*** RECORD EXCERPTS Section Begins ***
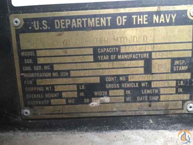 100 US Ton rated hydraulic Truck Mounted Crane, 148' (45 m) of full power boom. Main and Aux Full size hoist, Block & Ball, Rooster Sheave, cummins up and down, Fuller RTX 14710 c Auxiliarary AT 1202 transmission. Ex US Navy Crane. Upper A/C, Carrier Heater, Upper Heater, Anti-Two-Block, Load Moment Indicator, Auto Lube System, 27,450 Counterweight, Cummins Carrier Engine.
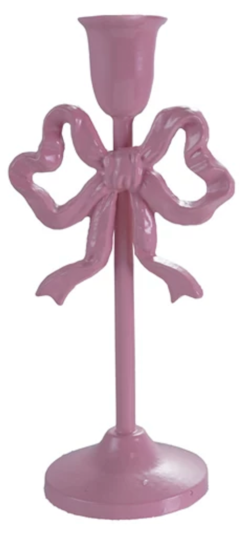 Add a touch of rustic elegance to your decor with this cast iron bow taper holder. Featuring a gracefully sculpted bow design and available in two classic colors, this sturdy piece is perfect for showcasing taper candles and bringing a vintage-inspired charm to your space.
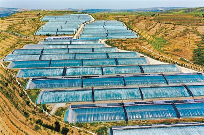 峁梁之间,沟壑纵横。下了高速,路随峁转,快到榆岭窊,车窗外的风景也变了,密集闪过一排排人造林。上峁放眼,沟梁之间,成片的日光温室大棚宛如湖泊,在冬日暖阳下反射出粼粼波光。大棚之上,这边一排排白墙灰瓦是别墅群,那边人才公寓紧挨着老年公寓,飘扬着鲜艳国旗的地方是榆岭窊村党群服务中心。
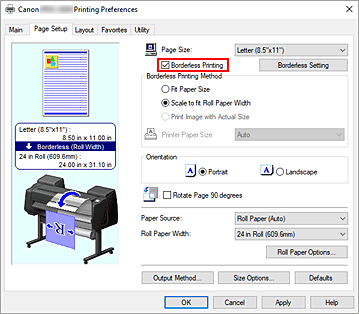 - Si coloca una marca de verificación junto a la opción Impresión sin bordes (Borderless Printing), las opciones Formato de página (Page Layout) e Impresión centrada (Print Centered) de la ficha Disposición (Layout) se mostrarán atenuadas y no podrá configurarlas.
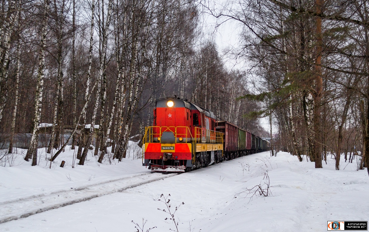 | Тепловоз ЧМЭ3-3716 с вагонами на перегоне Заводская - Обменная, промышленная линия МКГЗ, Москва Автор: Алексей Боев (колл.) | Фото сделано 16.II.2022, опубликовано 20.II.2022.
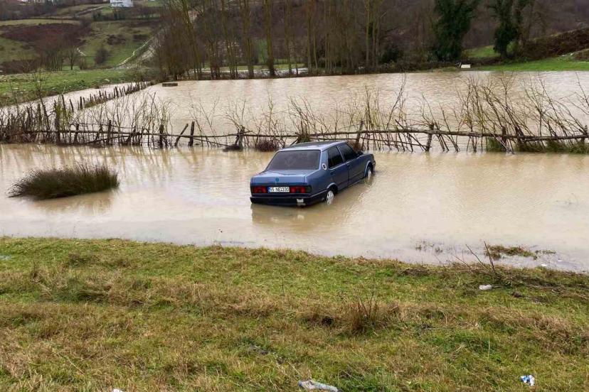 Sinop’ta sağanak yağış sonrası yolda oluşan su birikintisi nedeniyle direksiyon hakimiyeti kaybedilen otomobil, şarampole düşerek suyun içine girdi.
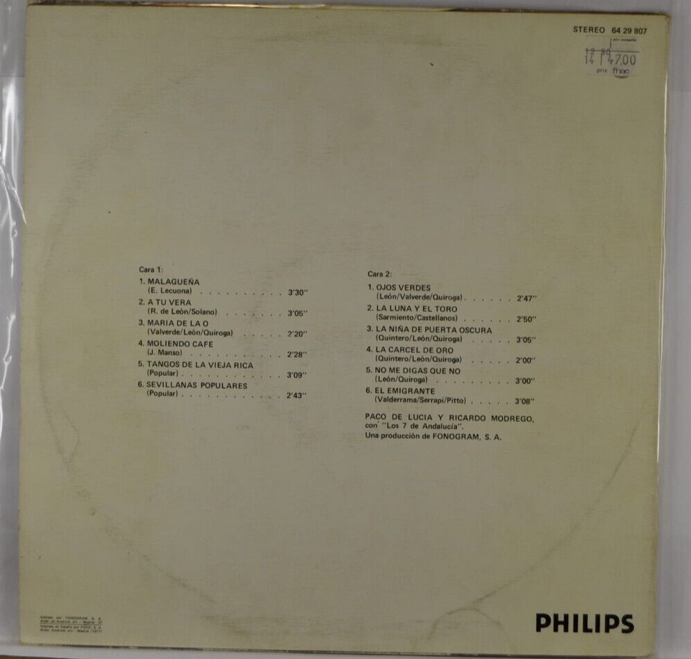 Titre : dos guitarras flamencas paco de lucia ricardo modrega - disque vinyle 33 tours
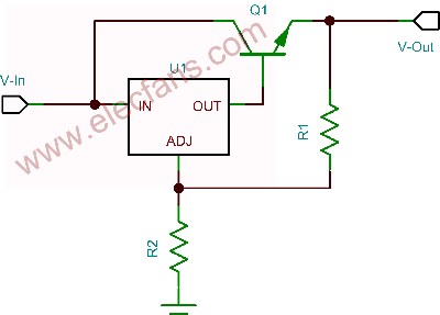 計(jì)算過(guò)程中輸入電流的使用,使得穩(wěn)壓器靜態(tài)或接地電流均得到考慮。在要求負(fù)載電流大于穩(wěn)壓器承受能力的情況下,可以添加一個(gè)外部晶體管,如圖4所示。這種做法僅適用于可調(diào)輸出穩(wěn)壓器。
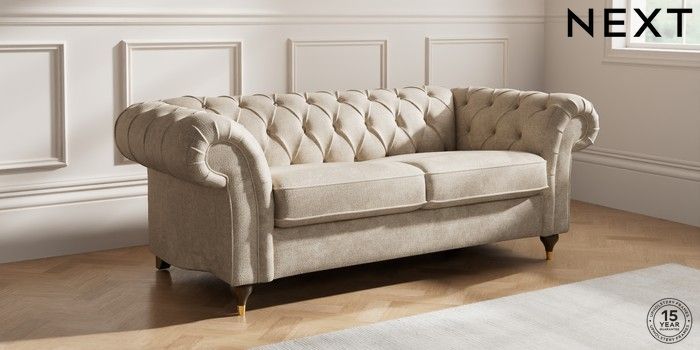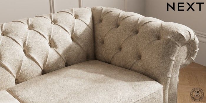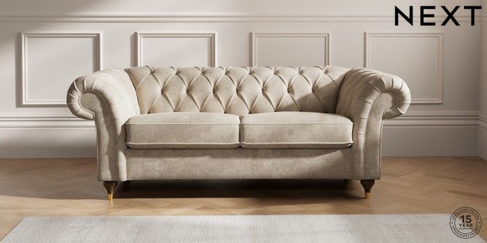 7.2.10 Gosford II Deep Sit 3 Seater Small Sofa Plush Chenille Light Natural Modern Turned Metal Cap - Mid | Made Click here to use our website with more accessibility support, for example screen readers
*** RECORD EXCERPTS Section Ends ***
TASK REQUIREMENTS »
Nothing outside the stretch above, from the line with "Add a touch" through the line with "峁梁之间,沟壑纵横。下了高速", is set down. Transcribe that stretch exactly, ends included, but not its pictures.

ANSWER AREA »
 Add a touch of rustic elegance to your decor with this cast iron bow taper holder. Featuring a gracefully sculpted bow design and available in two classic colors, this sturdy piece is perfect for showcasing taper candles and bringing a vintage-inspired charm to your space.
 峁梁之间,沟壑纵横。下了高速,路随峁转,快到榆岭窊,车窗外的风景也变了,密集闪过一排排人造林。上峁放眼,沟梁之间,成片的日光温室大棚宛如湖泊,在冬日暖阳下反射出粼粼波光。大棚之上,这边一排排白墙灰瓦是别墅群,那边人才公寓紧挨着老年公寓,飘扬着鲜艳国旗的地方是榆岭窊村党群服务中心。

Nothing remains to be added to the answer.